Александр Рудин
— Александр Израилевич, вы смотрите новости?
— Ой, нет. Я делаю так, как советовал профессор Преображенский.
— «Не читайте до обеда советских газет»?
— Да, потому что газеты сейчас опять советские. Есть, конечно, более или менее приличные. Завтра еду на экскурсию, полистаю что-нибудь в самолете, — если есть выбор, то возьму, может быть «Независимым». «Коммерсантъ» стал очень медленный. А другие газеты — не дай бог, не.
— Если я правильно помню, у вас хорошие отношения с Турцией…
— Не то, что просто хорошо! Я утром там, и это еда!
— Интересно!
— В предстоящем сезоне — юбилейная дата моего романа с Турцией. У нас долгая история с этой страной. Из-за этого я решил сыграть концерт турецкого классика Ахмеда Сайгуна. Это действительно очень известный композитор, учился во Франции. Я делаю это в городе Измир. Очень красивая, трогательная, иногда музыка. Большой концерт, настоящий, трехчастный, трудный для оркестра.
— В Москве будет играть?
— В Москве, а раньше это было никому не нужно, а теперь сомневаюсь.
— Может, наоборот, это было именно настоящее?

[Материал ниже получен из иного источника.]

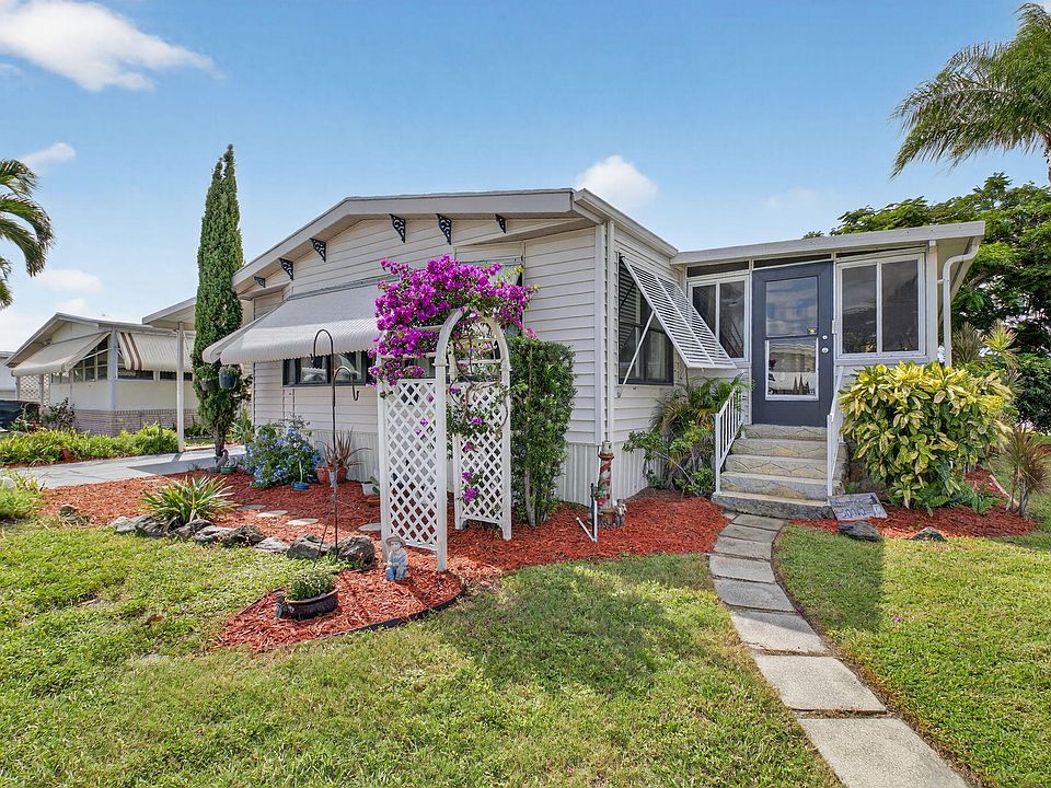 OPEN CONCEPT living in this unit with CUSTOM cabinets and QUARTZ countertops! NEWER Samsung appliances in the kitchen! Bathroom is handicap accessible with a roll in shower and new floors and vanity! BRAND NEW washer/dryer inside. Large Florida room is an extra living space that is not included in the square footage (with A/C!) Corner lot with attractive landscaping and a side patio. VAULTED ceilings in living area! Low HOA at only $250 per month includes: internet, water, sewer, trash removal, and 24 Hr manned gate. Jamaica Bay has 2 heated pools, a clubhouse, billiards, pickleball, golf chipping area, motorcycle and RV parking, on site maintenance and support staff. Pet friendly with 2 pets allowed up to 20 pounds each. CASH ONLY community with no rentals allow

— С удовольствием! Существует ряд работ, которые я сделал в Москве. Но, к сожалению, у меня нет ни упорства, или положения, чтобы убедить филармонии, дайте мне играть, что хочу: Концерт Сайгуна, Первый концерт Хиндемита 1915 г. его дипломной работы. Или Концертную симфонию Энеску. Вся эта прекрасная музыка не звучит. Я не могу играть на виолончели, к сожалению, «Реквием» Моцарта. И я не хочу. Вот и ответ.

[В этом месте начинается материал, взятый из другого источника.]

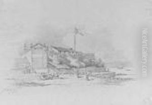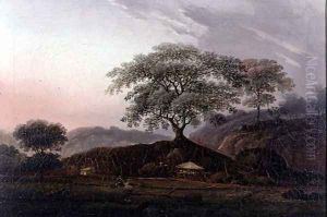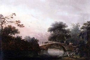 Indian Figures By A Hut With Cattle And A Bridge Nearby

— Когда вы дирижируете симфонию Пярта, посвященную Ходорковскому, или взять на ежегодных вечер памяти Политковской ты это делаешь по дружбе или так вы проявляете свою гражданскую позицию?
— И то, и другое. Что касается Пярта, это всегда связано с очень хорошими музыкантами, с Алексей Борисовичем Любимовым. А я стараюсь не пропускать концерты с ним тогда, когда я могу сыграть. Между прочим, я люблю Пярта. И — да, это частично была и гражданская позиция тоже. Но это не единственная причина, по которой мы несем ответственность за эту симфонию. Мы, кстати, играл ее два раза, в Москве — впервые в Рахманинова, а во второй раз в Большом зале; второй раз, мне кажется, играли лучше. И оба исполнения, естественно, прошли на освобождение Ходорковского из тюрьмы. Больше, насколько мне известно, никто у нас в стране за Четвертую симфонию Пярта не принимал.
— Если бы не это, посвящение на титульном листе партии, что эта музыка интересна сама по себе?
— Это было бы интересно в любом случае, потому что интересно, ее автор — безусловно. С другой стороны, внимание на то, что она провоцирует, связанные с внемузыкальной сфере. В ней есть несколько действительно трогательных, щемящих мест. Это лирическая, в ней много личного. Я должен признать, что очень часто бывает, что даже в избранных писаниях есть какие-то эпизоды — и в Бетховене, и в Моцарте, которые из-за отсутствия зрелости или образования не всегда понимаешь. То же самое относится к 4-й симфонии Пярта. Да, есть эпизоды, которые были не до конца понятны, но в целом работа красивая и достойная.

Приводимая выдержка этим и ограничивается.